■ **Task to carry out**
Write out the listing below character for character, though without its pictures.

■ **Data below**
=======

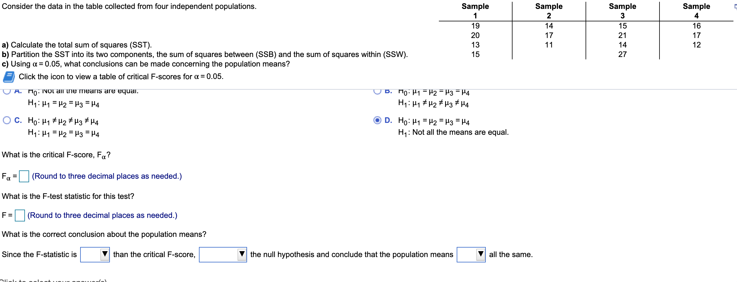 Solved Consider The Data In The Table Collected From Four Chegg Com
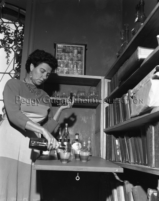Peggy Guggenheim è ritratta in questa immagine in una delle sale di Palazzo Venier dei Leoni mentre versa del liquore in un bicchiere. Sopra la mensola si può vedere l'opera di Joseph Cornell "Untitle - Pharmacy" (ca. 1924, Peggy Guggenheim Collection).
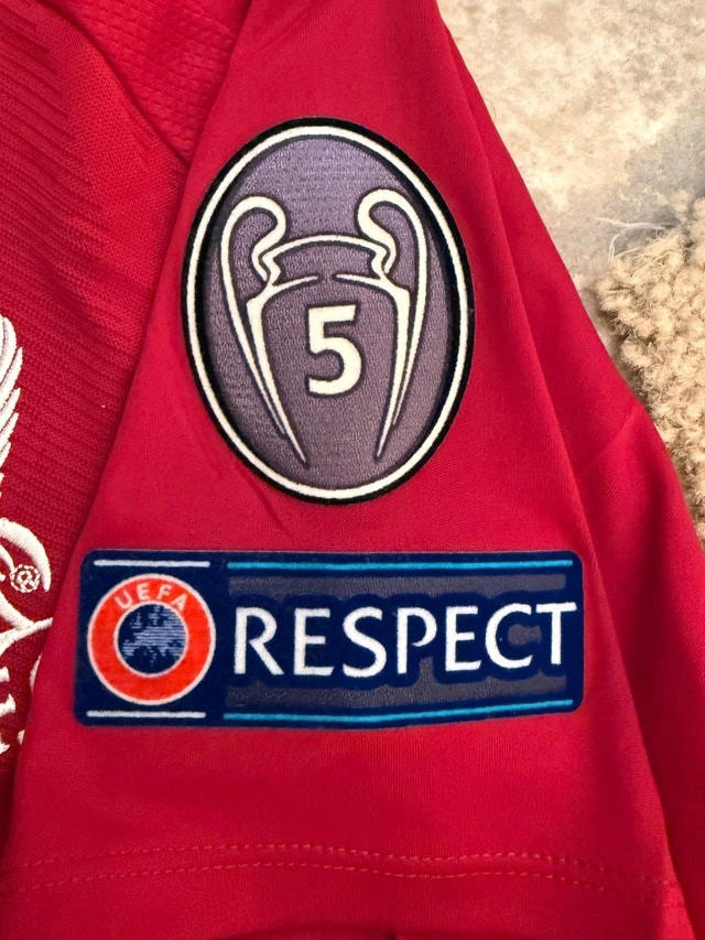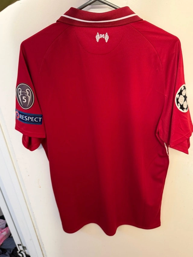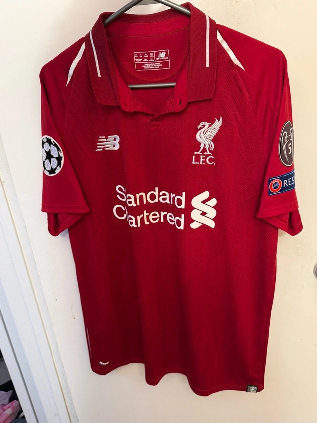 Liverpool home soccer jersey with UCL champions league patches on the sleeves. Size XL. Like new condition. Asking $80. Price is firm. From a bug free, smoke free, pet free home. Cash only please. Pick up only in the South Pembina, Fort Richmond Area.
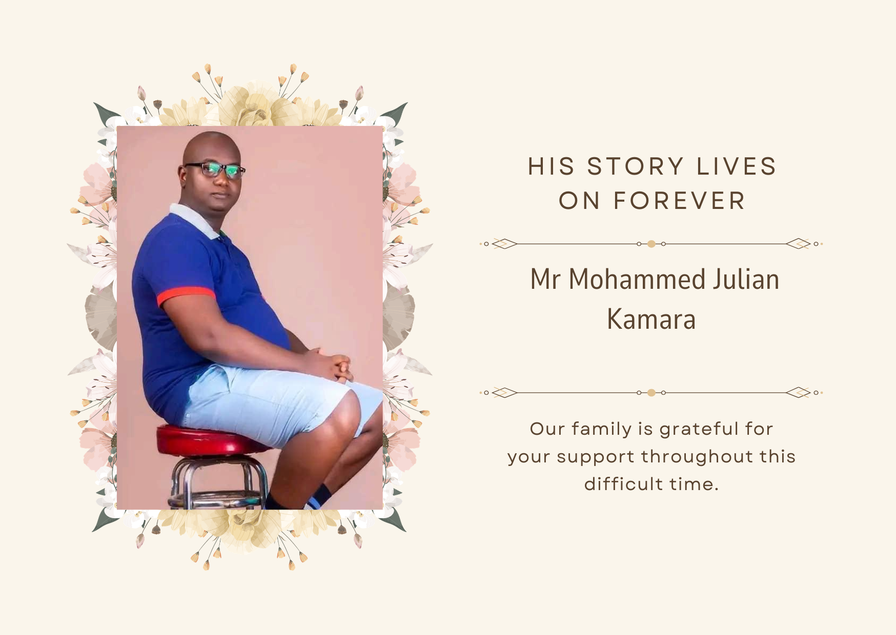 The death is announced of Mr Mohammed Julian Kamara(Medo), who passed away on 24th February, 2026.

=======

■ **Answer to the problem**
 Solved Consider The Data In The Table Collected From Four Chegg Com
Peggy Guggenheim è ritratta in questa immagine in una delle sale di Palazzo Venier dei Leoni mentre versa del liquore in un bicchiere. Sopra la mensola si può vedere l'opera di Joseph Cornell "Untitle - Pharmacy" (ca. 1924, Peggy Guggenheim Collection).
 Liverpool home soccer jersey with UCL champions league patches on the sleeves. Size XL. Like new condition. Asking $80. Price is firm. From a bug free, smoke free, pet free home. Cash only please. Pick up only in the South Pembina, Fort Richmond Area.
 The death is announced of Mr Mohammed Julian Kamara(Medo), who passed away on 24th February, 2026.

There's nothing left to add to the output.